#### ABOUT THIS TASK:
From the entries below, output the line with "5,泡好的糯米轻轻一捏就会碎" and each following line up to and including the line with "Ο κ. Πρέσβυς", exactly as written.

#### RECORDED INFORMATION:

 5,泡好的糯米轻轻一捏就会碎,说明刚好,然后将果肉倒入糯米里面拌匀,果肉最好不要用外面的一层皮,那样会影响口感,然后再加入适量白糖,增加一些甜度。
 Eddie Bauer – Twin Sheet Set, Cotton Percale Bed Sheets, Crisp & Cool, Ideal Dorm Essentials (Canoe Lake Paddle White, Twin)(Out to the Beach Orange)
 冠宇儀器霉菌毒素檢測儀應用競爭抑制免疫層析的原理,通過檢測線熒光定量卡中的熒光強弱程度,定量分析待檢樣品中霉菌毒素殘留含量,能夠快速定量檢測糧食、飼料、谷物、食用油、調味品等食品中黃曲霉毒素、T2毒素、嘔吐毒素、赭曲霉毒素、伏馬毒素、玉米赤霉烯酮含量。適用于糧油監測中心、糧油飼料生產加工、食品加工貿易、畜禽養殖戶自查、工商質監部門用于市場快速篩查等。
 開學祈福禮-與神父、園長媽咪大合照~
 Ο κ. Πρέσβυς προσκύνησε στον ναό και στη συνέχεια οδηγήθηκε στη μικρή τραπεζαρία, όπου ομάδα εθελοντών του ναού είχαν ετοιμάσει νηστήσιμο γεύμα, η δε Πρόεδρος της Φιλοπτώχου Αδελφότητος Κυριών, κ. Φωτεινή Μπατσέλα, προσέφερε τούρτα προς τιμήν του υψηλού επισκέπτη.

---

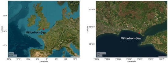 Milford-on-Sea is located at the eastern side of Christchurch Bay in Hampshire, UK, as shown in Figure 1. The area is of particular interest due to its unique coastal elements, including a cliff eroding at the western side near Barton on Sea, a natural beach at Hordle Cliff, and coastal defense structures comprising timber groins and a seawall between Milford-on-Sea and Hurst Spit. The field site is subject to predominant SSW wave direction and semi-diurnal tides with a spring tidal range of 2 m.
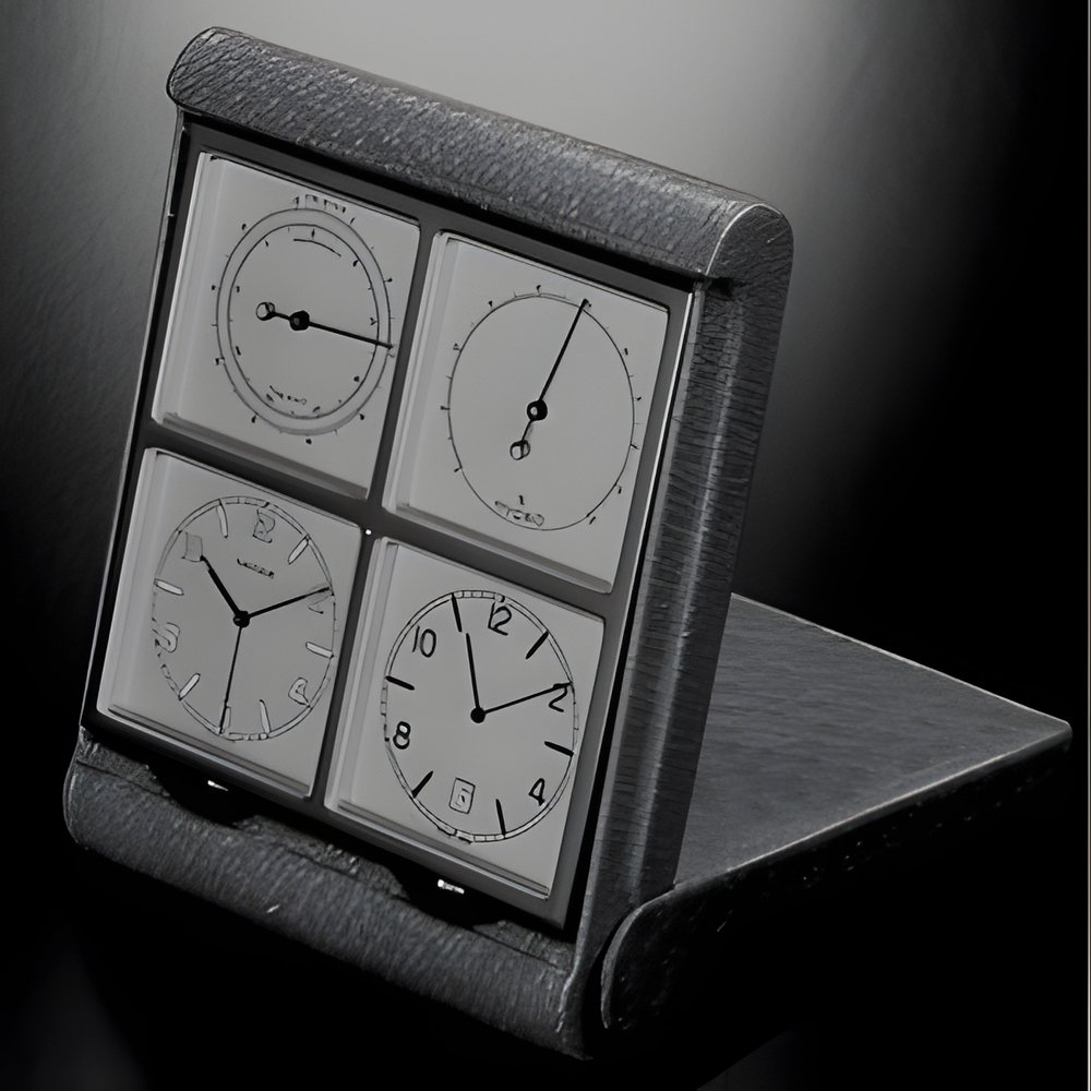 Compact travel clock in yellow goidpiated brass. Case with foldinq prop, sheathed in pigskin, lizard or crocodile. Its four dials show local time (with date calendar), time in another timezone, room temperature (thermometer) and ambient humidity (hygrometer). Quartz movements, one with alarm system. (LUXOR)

#### COMPLETED EXERCISE:
 5,泡好的糯米轻轻一捏就会碎,说明刚好,然后将果肉倒入糯米里面拌匀,果肉最好不要用外面的一层皮,那样会影响口感,然后再加入适量白糖,增加一些甜度。
 Eddie Bauer – Twin Sheet Set, Cotton Percale Bed Sheets, Crisp & Cool, Ideal Dorm Essentials (Canoe Lake Paddle White, Twin)(Out to the Beach Orange)
 冠宇儀器霉菌毒素檢測儀應用競爭抑制免疫層析的原理,通過檢測線熒光定量卡中的熒光強弱程度,定量分析待檢樣品中霉菌毒素殘留含量,能夠快速定量檢測糧食、飼料、谷物、食用油、調味品等食品中黃曲霉毒素、T2毒素、嘔吐毒素、赭曲霉毒素、伏馬毒素、玉米赤霉烯酮含量。適用于糧油監測中心、糧油飼料生產加工、食品加工貿易、畜禽養殖戶自查、工商質監部門用于市場快速篩查等。
 開學祈福禮-與神父、園長媽咪大合照~
 Ο κ. Πρέσβυς προσκύνησε στον ναό και στη συνέχεια οδηγήθηκε στη μικρή τραπεζαρία, όπου ομάδα εθελοντών του ναού είχαν ετοιμάσει νηστήσιμο γεύμα, η δε Πρόεδρος της Φιλοπτώχου Αδελφότητος Κυριών, κ. Φωτεινή Μπατσέλα, προσέφερε τούρτα προς τιμήν του υψηλού επισκέπτη.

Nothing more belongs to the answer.